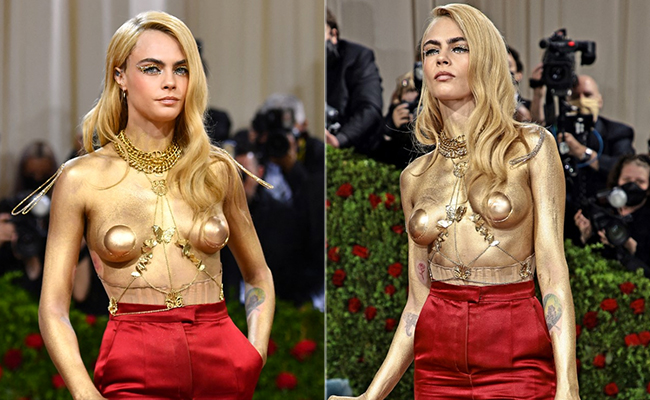 The MET Gala 2022 theme was "In America: An Anthology Of Fashion" with a dress code of "Gilded Glamour" which represents opulent touches of the Gilded age. While the MET red carpet saw plenty of feathers, corsets and ruffles, some celebrities spared nothing and no one to take the dress code to its maximum. Cara Delevingne was one of them. The supermodel first walked down the red carpet wearing a red cropped jacket along with tailored red trousers. She paired it with red platform pumps and carried a decorative stick in her hand. But in a matter of time, she shed her coat and showcased the extend of the Gilded Glamour theme with the second part of her look.
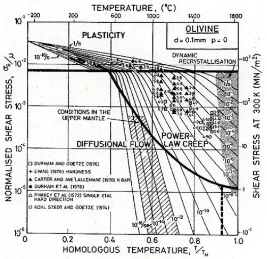 Copper, ice, and olivine are shown together here to emphasize the commonality of creep in material types that aren't often grouped together. Creep is universal.
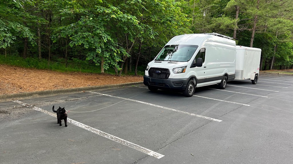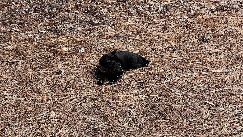Toward the end of the day my back started giving out from being on my feet all day. While unpleasant, it’s also a nice change from my formerly broken foot giving out first. I returned to the van, got cheap gas and dinner at the nearby Buc-ee’s, and returned to my previous overnight stop, Bass Pro Shop. This is by far the nicest Bass Pro Shop I’ve ever spent a night, and among the best parking lots I’ve stayed in. My original plan was to spend one night here and another at a nearby Walmart, but it was so quiet in the RV parking area up top that I decided to try another night. I had no problems. Of course, it might have helped that I made it a point to be gone during the day, and that I parked in a different place the second night, just to make it obvious that I wasn’t moving in permanently. I had a second wonderful quiet night, and Lister got to enjoy a bed of pine needles for a while, something he hasn’t been able to do since we left Colorado last year.
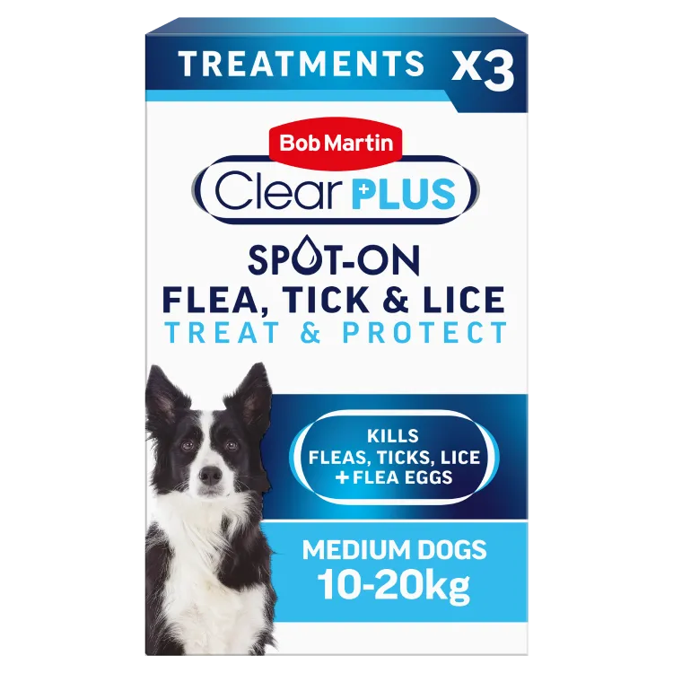 Bob Martin Clear Plus – Flea and Tick Spot-On for Medium Dogs can be used on dogs weighing between 10-20kg and over 8 weeks old.
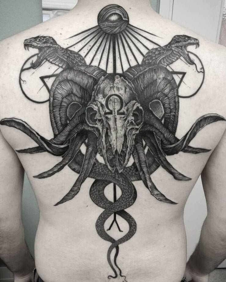 So black-and-gray? Timeless. There’s something low-key powerful about using only black ink — thick outlines, little line details for depth, not a lot of fluff. In this one you might even glance and think it’s just a skull until you catch the horns and fangs; that subtle twist is what sells it. It reads moody, classic, and a little dangerous without shouting.
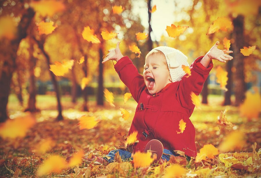 Happy Little Child, Baby Girl Laughing And Playing In Autumn

▬▬▬▬▬▬

## TASK DESCRIPTION
Exactly as written, reproduce the lines from the one containing "Toward the end" through the last line of the entries above, and leave every picture out.

## SOLUTION TO THIS EXERCISE
Toward the end of the day my back started giving out from being on my feet all day. While unpleasant, it’s also a nice change from my formerly broken foot giving out first. I returned to the van, got cheap gas and dinner at the nearby Buc-ee’s, and returned to my previous overnight stop, Bass Pro Shop. This is by far the nicest Bass Pro Shop I’ve ever spent a night, and among the best parking lots I’ve stayed in. My original plan was to spend one night here and another at a nearby Walmart, but it was so quiet in the RV parking area up top that I decided to try another night. I had no problems. Of course, it might have helped that I made it a point to be gone during the day, and that I parked in a different place the second night, just to make it obvious that I wasn’t moving in permanently. I had a second wonderful quiet night, and Lister got to enjoy a bed of pine needles for a while, something he hasn’t been able to do since we left Colorado last year.
 Bob Martin Clear Plus – Flea and Tick Spot-On for Medium Dogs can be used on dogs weighing between 10-20kg and over 8 weeks old.
 So black-and-gray? Timeless. There’s something low-key powerful about using only black ink — thick outlines, little line details for depth, not a lot of fluff. In this one you might even glance and think it’s just a skull until you catch the horns and fangs; that subtle twist is what sells it. It reads moody, classic, and a little dangerous without shouting.
 Happy Little Child, Baby Girl Laughing And Playing In Autumn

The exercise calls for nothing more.